Builder::XmlMarkup:: Generate XML markup notation Builder::XmlEvents:: Generate XML events (i.e. SAX-like)
Notes:
require 'rubygems'
require_gem 'builder', '~> 2.0'
builder = Builder::XmlMarkup.new
xml = builder.person { |b| b.name("Jim"); b.phone("555-1234") }
xml #=> <person><name>Jim</name><phone>555-1234</phone></person>
or
require 'rubygems'
require_gem 'builder'
builder = Builder::XmlMarkup.new(:target=>STDOUT, :indent=>2)
builder.person { |b| b.name("Jim"); b.phone("555-1234") }
#
# Prints:
# <person>
# <name>Jim</name>
# <phone>555-1234</phone>
# </person>
Version 2.0.0 introduces automatically escaped attribute values for the first time. Versions prior to 2.0.0 did not insert escape characters into attribute values in the XML markup. This allowed attribute values to explicitly reference entities, which was occasionally used by a small number of developers. Since strings could always be explicitly escaped by hand, this was not a major restriction in functionality.
However, it did surprise most users of builder. Since the body text is normally escaped, everybody expected the attribute values to be escaped as well. Escaped attribute values were the number one support request on the 1.x Builder series.
Starting with Builder version 2.0.0, all attribute values expressed as strings will be processed and the appropriate characters will be escaped (e.g. "&" will be translated to "&"). Attribute values that are expressed as Symbol values will not be processed for escaped characters and will be unchanged in output. (Yes, this probably counts as Symbol abuse, but the convention is convenient and flexible).
Example:
xml = Builder::XmlMarkup.new
xml.sample(:escaped=>"This&That", :unescaped=>:"Here&There")
xml.target! =>
<sample escaped="This&That" unescaped="Here&There"/>
Version 1.0.0 introduces some changes that are not backwards compatible with earlier releases of builder. The main areas of incompatibility are:
Keyword based arguments to +new+ (rather than positional based).

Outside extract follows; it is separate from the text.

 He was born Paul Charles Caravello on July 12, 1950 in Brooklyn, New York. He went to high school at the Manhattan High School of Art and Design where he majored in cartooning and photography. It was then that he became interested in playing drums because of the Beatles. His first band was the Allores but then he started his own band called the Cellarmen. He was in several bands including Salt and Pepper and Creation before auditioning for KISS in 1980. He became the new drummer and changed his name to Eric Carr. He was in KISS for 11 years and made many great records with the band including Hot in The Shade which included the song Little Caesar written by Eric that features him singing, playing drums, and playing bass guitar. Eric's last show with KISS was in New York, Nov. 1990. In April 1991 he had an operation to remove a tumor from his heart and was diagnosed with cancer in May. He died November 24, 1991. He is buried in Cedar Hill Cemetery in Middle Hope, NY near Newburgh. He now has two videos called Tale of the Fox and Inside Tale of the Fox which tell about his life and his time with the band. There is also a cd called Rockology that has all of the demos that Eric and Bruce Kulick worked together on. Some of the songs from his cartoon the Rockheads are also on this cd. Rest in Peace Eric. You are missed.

It was found that a developer would often like to specify indentation without providing an explicit target, or specify a target without indentation. Keyword based arguments handle this situation nicely.
Builder must now be an explicit target for markup tags. Instead of writing
xml_markup = Builder::XmlMarkup.new
xml_markup.div { strong("text") }
you need to write
xml_markup = Builder::XmlMarkup.new
xml_markup.div { xml_markup.strong("text") }
xml_markup = Builder::XmlMarkup.new
xml_markup.div { |xml| xml.strong("text") }
require_gem 'builder', "~> 0.0" # Gets the old version
require_gem 'builder', "~> 1.0" # Gets the new version
xml_markup.comment! "This is a comment"
#=> <!-- This is a comment -->
xml_markup.instruct! :xml, :version=>"1.0", :encoding=>"UTF-8"

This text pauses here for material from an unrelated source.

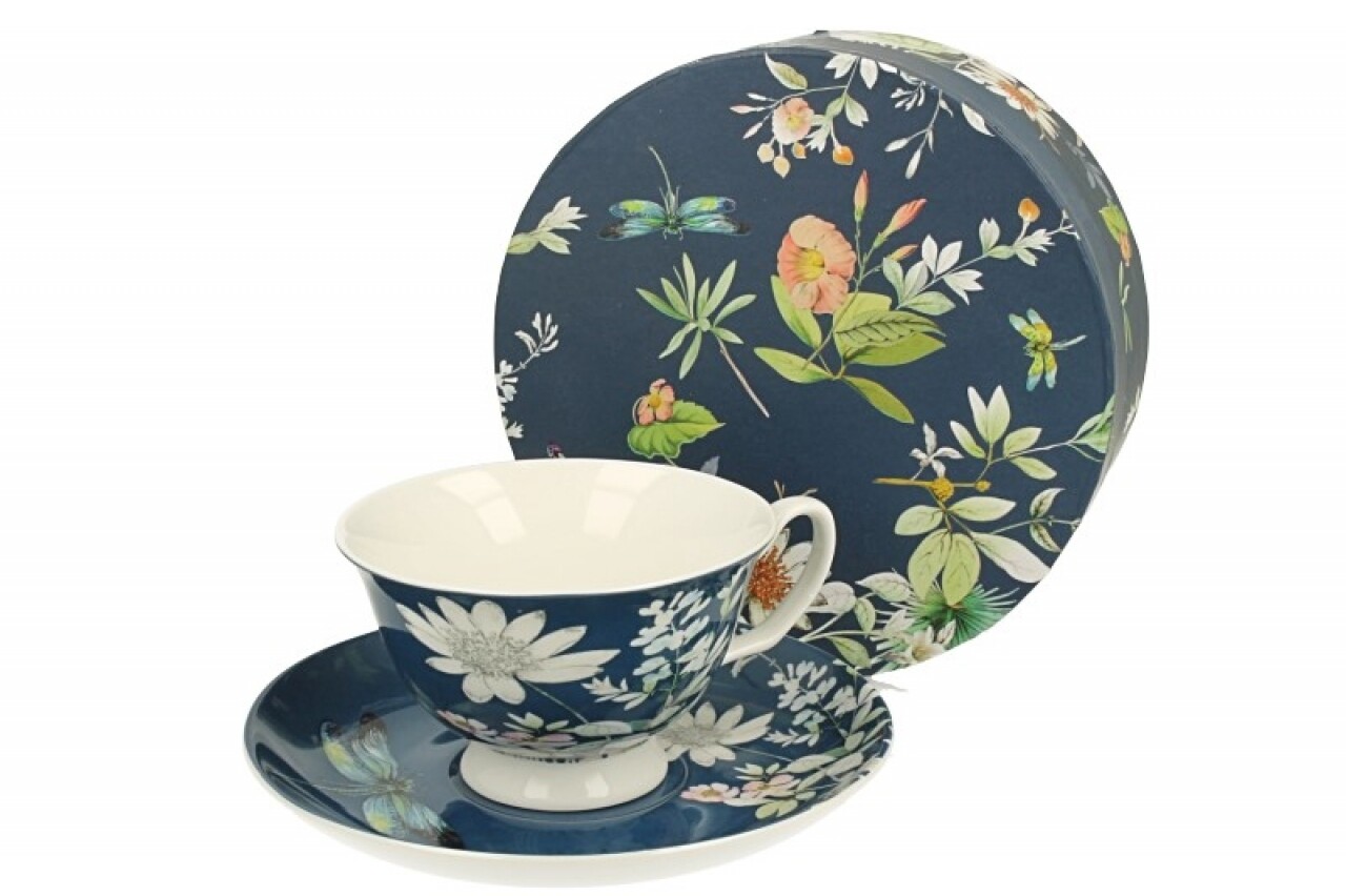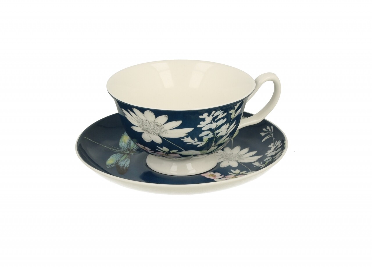 Ceasca cu farfurie Rabia, Duo, 200 ml, portelan, albastru

#=> <?xml version="1.0" encoding="UTF-8"?>
If the processing instruction is omitted, it defaults to "xml". When the processing instruction is "xml", the defaults attributes are:
version: 1.0 encoding: "UTF-8"
(NOTE: if the encoding is set to "UTF-8" and $KCODE is set to "UTF8", then Builder will emit UTF-8 encoded strings rather than encoding non-ASCII characters as entities.)
xml_markup.declare! :DOCTYPE, :chapter, :SYSTEM, "../dtds/chapter.dtd"

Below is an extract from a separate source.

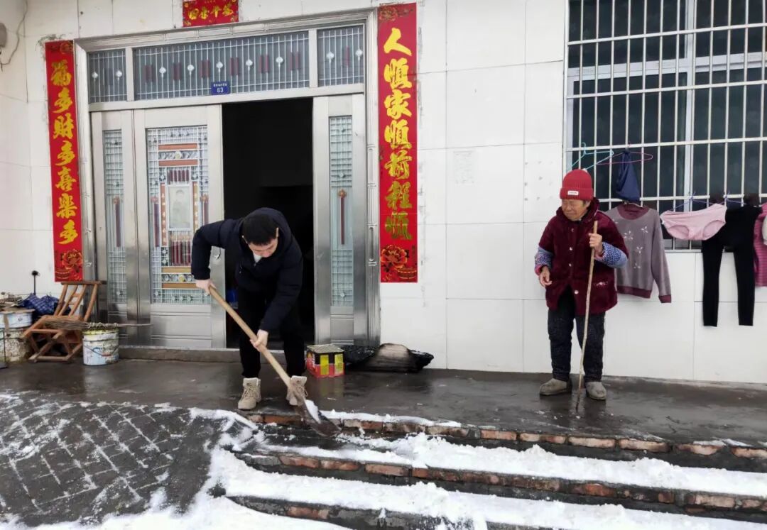 秦市乡秦家场村驻村工作队为独居老人清扫门前积雪。

#=> <!DOCTYPE chapter SYSTEM "../dtds/chapter.dtd">
The parameters to a declare! method must be either symbols or strings. Symbols are inserted without quotes, and strings are inserted with double quotes. Attribute-like arguments in hashes are not allowed.
If you need to have an argument to declare! be inserted without quotes, but the argument does not conform to the typical Ruby syntax for symbols, then use the :"string" form to specify a symbol.
For example:
xml_markup.declare! :ELEMENT, :chapter, :"(title,para+)"
#=> <!ELEMENT chapter (title,para+)>
Nested entity declarations are allowed. For example:
@xml_markup.declare! :DOCTYPE, :chapter do |x|
x.declare! :ELEMENT, :chapter, :"(title,para+)"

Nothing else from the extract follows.